Calibration is optional but recommended for accurate metric measurements. For detailed calibration instructions, please see the calibration page.

🧠 Tracking and Settings Explained

Aegear’s tracking relies on deep learning models from the backend:

Detection

  • Backend: U-Net variant (EfficientUNet) with EfficientNet-B0 encoder.
  • UI Setting: Detection Threshold
    • Adjusts minimum confidence for fish detection heatmaps.
    • Higher values reduce false positives but may miss subtle detections.

Tracking

  • Backend: Siamese network for frame-to-frame association.
  • UI Setting: Tracking Threshold
    • Sets confidence threshold for the response map.
    • If confidence drops below this, the system falls back to sliding-window detection.
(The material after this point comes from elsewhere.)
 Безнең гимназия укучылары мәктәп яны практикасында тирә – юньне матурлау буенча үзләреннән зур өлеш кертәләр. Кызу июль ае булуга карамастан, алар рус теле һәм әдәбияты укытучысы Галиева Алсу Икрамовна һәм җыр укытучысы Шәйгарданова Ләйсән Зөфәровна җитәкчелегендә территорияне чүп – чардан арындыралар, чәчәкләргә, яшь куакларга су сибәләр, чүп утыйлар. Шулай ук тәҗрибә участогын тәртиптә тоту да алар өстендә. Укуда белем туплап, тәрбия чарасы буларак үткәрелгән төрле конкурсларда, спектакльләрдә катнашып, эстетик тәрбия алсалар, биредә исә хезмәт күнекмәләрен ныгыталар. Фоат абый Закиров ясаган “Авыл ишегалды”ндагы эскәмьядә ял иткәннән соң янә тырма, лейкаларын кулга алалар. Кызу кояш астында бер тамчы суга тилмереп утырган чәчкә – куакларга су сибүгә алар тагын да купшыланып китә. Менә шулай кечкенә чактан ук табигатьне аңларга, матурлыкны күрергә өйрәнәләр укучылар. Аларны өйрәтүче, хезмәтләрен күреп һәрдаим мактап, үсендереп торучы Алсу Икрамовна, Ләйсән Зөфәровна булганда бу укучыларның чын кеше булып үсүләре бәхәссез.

Trajectory and Smart Frame Skip

  • UI Setting: Trajectory Frame Skip

    • Controls how often trajectory points are plotted in the overlay for visualization.
    • Higher values thin out visual clutter for long videos.
  • Adaptive Frame Skipping During Tracking

    • Aegear also uses a smart frame skipping mechanism for performance during tracking:
    • Begins with the user-defined frame skip (N), processing only every Nth frame.
    • If tracking fails in a skipped frame, automatically retries with half the skip (N/2), continuing recursively until N=1 (no skipping).
    • Once tracking confidence recovers, reverts to the original N.
    • This system optimizes speed on easy sequences while preserving accuracy in complex sections.
    • Fully transparent to the user, this logic works behind the scenes using the same "Frame Skip" parameter.
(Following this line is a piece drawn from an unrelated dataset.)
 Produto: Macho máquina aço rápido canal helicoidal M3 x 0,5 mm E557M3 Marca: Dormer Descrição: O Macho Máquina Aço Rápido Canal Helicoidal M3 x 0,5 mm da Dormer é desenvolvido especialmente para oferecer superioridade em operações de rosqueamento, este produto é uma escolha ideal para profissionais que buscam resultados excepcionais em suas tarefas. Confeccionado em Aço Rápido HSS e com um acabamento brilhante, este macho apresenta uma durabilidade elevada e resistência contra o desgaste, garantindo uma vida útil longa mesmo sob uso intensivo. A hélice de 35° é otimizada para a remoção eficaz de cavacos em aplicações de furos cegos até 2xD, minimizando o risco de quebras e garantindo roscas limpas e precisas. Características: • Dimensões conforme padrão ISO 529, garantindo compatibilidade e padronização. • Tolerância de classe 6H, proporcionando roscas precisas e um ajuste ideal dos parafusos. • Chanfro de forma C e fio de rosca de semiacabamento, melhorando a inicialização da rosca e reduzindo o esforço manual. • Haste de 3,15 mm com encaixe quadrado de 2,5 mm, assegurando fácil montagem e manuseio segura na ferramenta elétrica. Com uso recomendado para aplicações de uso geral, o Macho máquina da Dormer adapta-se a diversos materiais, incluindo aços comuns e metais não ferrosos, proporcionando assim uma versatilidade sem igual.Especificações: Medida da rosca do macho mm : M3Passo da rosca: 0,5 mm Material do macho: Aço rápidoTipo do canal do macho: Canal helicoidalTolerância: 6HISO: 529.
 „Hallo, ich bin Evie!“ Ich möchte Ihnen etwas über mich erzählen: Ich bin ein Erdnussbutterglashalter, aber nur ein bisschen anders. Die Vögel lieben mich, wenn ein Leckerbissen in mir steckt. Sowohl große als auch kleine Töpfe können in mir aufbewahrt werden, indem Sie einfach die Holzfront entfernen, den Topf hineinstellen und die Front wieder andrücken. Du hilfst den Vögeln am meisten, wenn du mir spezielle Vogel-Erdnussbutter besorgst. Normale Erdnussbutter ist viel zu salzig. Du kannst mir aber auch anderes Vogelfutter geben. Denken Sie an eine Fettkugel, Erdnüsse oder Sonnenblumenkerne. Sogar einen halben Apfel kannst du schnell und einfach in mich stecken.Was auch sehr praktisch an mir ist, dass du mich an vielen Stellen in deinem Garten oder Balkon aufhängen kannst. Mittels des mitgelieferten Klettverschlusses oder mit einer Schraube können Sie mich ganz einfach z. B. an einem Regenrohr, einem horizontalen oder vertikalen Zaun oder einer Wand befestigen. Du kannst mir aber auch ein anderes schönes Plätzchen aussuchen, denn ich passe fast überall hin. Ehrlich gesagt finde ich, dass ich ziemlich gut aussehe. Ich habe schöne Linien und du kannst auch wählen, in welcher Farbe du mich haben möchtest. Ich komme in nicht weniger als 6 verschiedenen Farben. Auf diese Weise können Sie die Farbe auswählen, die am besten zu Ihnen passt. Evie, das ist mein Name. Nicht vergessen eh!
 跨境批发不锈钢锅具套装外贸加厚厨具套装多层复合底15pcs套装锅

⚠️ Outlier Detection & Cleanup

Tool Description
Highlight Outliers Marks suspect trajectory points (velocity jumps)
Next/Previous Outlier Navigate between flagged outliers
Delete Current Outlier Removes selected outlier from tracking data
Delete All Outliers Clears all flagged outliers

Backend: Uses detect_trajectory_outliers for identifying anomalies.


💾 Saving and Loading

Action Menu Path
Save Tracking Data File → Save Tracking…
Load Tracking Data File → Load Tracking…
Exit Application File → Exit

📝 Notes

  • Prebuilt binaries include CPU-only PyTorch.
  • For GPU acceleration, install Aegear from source and use a CUDA-enabled PyTorch build.